/---

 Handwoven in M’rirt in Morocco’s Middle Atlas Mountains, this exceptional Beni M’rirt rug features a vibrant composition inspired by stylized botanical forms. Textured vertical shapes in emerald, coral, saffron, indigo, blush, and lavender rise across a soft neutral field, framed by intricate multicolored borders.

\---
/---

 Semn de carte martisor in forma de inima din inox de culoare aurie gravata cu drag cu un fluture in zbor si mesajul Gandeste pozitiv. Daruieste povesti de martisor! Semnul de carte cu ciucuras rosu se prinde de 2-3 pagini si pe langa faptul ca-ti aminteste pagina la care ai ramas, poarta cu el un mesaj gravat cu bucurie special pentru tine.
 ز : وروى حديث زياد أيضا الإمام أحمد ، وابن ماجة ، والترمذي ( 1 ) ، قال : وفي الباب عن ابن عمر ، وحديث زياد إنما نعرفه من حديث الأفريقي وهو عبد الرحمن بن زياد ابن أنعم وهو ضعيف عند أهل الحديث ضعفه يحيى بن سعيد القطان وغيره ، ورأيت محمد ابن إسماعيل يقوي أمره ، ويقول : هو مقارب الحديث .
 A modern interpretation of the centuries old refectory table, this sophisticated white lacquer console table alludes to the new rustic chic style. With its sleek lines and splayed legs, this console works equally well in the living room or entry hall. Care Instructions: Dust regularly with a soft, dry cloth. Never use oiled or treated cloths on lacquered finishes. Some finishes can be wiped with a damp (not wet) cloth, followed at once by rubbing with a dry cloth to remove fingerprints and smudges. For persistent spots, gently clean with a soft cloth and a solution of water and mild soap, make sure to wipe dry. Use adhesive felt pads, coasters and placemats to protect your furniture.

\---

# Problem requirements
Search the records for the string "soft" and report each line that has it.

# Answer to this exercise
 Handwoven in M’rirt in Morocco’s Middle Atlas Mountains, this exceptional Beni M’rirt rug features a vibrant composition inspired by stylized botanical forms. Textured vertical shapes in emerald, coral, saffron, indigo, blush, and lavender rise across a soft neutral field, framed by intricate multicolored borders.
 A modern interpretation of the centuries old refectory table, this sophisticated white lacquer console table alludes to the new rustic chic style. With its sleek lines and splayed legs, this console works equally well in the living room or entry hall. Care Instructions: Dust regularly with a soft, dry cloth. Never use oiled or treated cloths on lacquered finishes. Some finishes can be wiped with a damp (not wet) cloth, followed at once by rubbing with a dry cloth to remove fingerprints and smudges. For persistent spots, gently clean with a soft cloth and a solution of water and mild soap, make sure to wipe dry. Use adhesive felt pads, coasters and placemats to protect your furniture.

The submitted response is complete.